*** Opening of Records to process ***
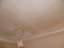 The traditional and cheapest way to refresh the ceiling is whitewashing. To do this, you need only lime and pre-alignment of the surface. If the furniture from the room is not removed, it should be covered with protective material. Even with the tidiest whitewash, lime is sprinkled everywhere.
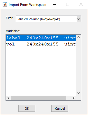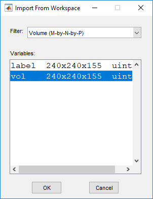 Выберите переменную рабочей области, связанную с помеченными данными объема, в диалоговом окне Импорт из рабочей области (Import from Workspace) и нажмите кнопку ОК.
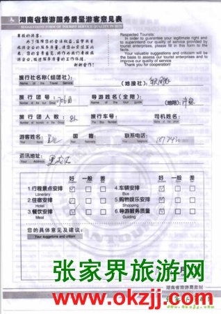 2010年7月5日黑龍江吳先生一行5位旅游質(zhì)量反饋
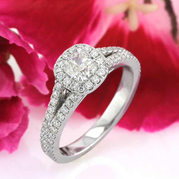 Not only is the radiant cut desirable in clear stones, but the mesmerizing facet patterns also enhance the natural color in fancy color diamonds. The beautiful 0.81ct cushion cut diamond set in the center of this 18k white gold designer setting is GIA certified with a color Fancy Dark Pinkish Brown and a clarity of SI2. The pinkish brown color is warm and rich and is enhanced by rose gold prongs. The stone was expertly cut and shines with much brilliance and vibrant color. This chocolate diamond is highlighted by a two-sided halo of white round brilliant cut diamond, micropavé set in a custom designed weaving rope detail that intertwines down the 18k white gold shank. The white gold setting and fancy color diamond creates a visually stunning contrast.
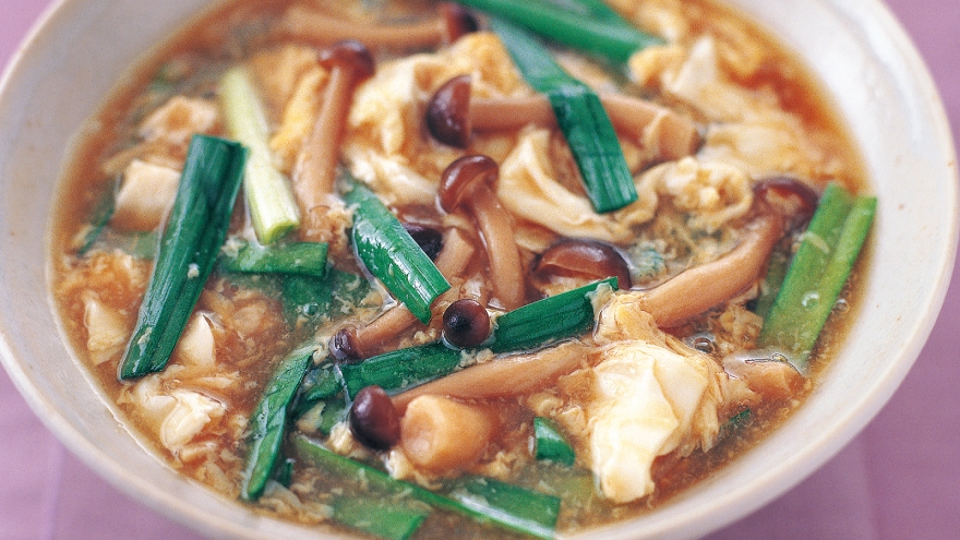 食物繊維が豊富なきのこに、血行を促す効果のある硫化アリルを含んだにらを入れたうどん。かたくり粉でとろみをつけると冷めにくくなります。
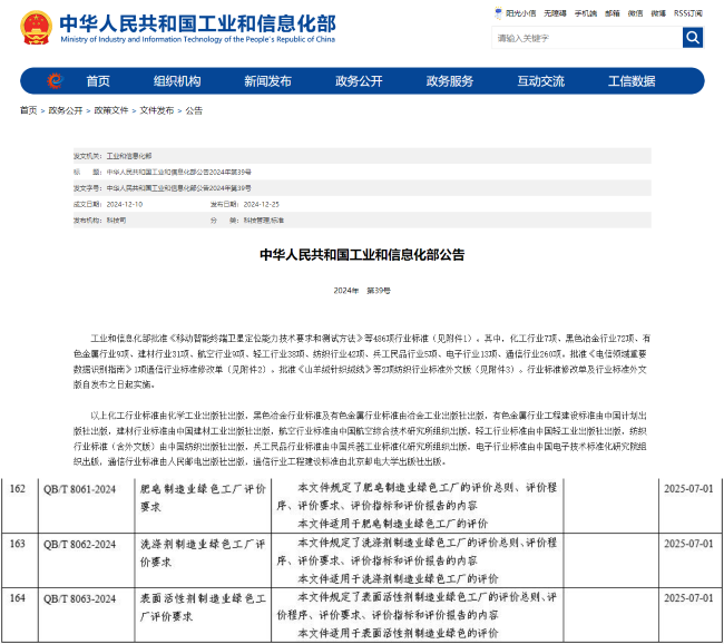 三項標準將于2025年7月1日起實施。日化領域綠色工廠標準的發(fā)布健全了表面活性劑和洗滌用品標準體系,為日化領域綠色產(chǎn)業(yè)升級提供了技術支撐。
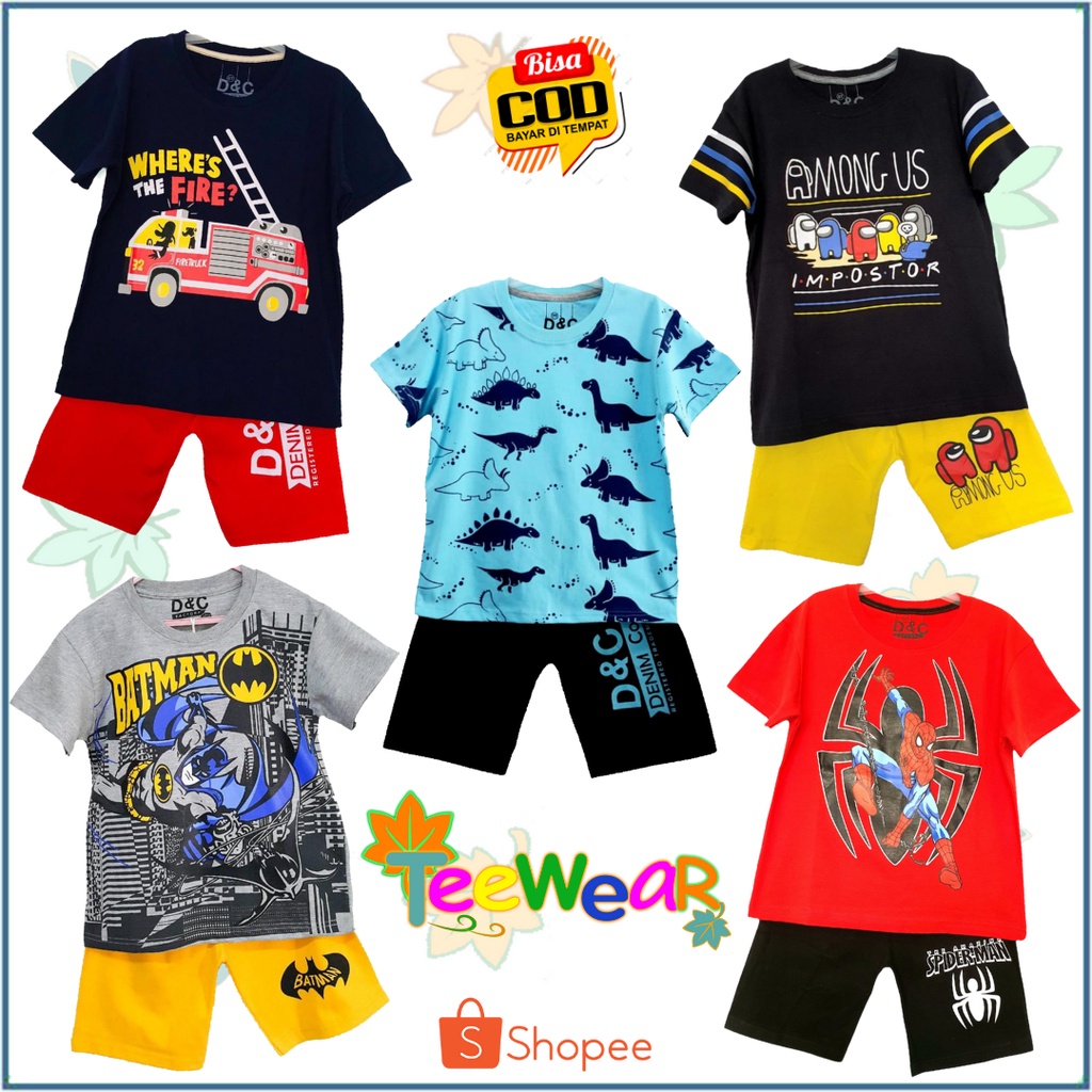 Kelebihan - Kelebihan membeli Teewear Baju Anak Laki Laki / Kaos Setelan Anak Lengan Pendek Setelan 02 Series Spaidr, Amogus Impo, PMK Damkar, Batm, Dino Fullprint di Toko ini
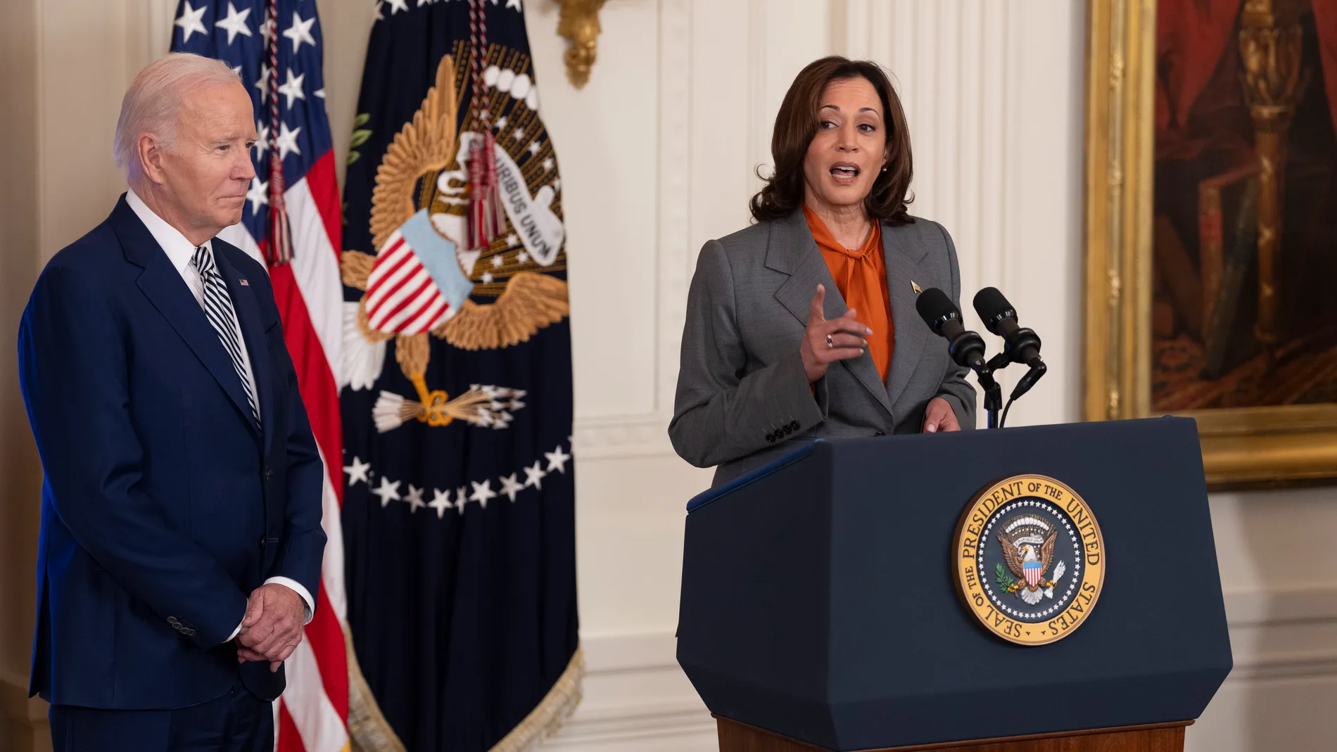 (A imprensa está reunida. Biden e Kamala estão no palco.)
*** Close of Records to process ***
*** Opening of Records to process ***
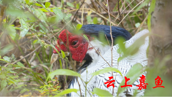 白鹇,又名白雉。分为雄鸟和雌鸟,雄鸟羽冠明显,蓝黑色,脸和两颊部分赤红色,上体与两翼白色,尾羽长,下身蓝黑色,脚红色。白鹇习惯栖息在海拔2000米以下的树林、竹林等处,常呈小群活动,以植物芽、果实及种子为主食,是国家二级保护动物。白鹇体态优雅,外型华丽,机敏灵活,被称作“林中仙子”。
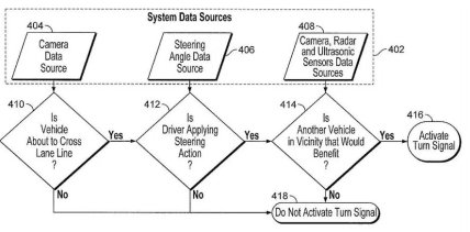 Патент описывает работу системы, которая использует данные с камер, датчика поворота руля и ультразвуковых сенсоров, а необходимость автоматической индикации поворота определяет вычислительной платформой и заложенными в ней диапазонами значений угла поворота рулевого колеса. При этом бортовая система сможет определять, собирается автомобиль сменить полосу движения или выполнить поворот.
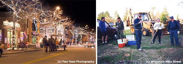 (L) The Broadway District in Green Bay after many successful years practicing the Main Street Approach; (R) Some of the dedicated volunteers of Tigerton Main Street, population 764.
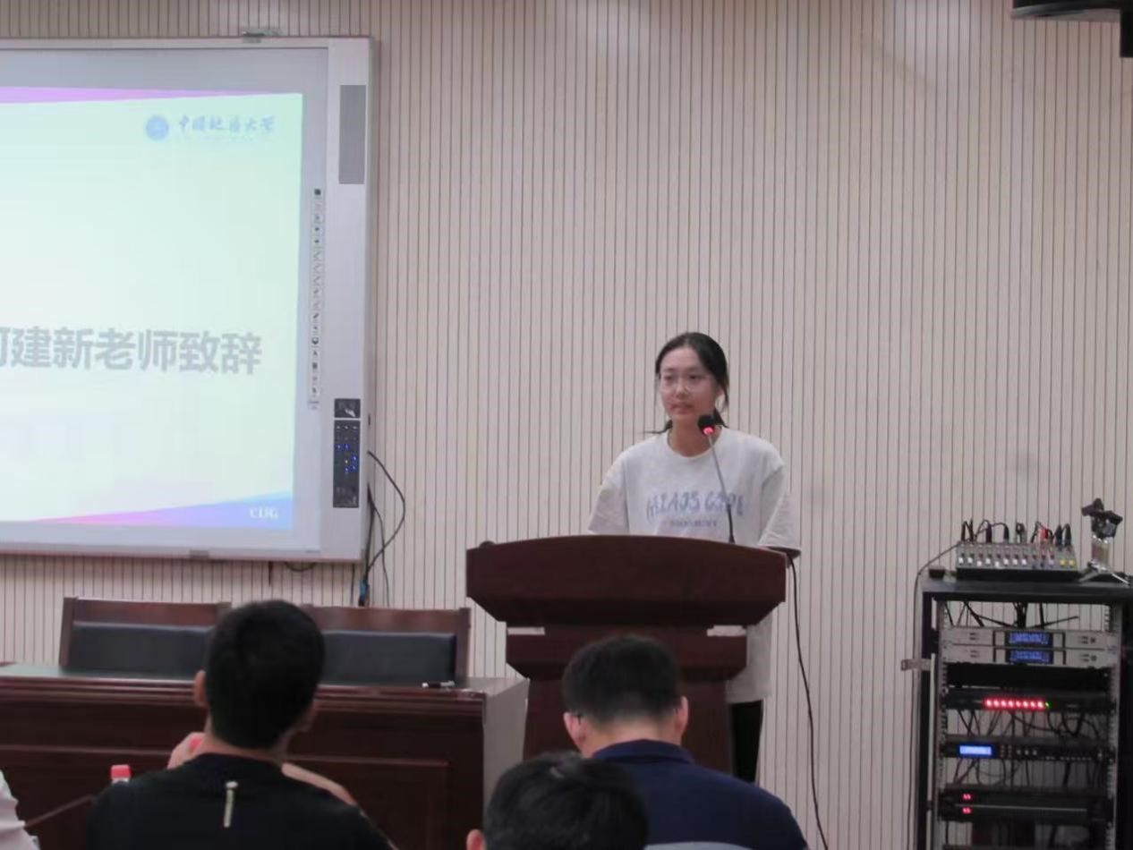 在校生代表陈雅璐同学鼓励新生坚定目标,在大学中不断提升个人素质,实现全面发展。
*** Close of Records to process ***
**Instructions for the task:**
From the line containing "The traditional and" through the line containing "2010年7月5日黑龍江吳先生一行5位旅游質(zhì)量反饋", copy every line above exactly, without pictures.

**Exercise answer:**
 The traditional and cheapest way to refresh the ceiling is whitewashing. To do this, you need only lime and pre-alignment of the surface. If the furniture from the room is not removed, it should be covered with protective material. Even with the tidiest whitewash, lime is sprinkled everywhere.
 Выберите переменную рабочей области, связанную с помеченными данными объема, в диалоговом окне Импорт из рабочей области (Import from Workspace) и нажмите кнопку ОК.
 2010年7月5日黑龍江吳先生一行5位旅游質(zhì)量反饋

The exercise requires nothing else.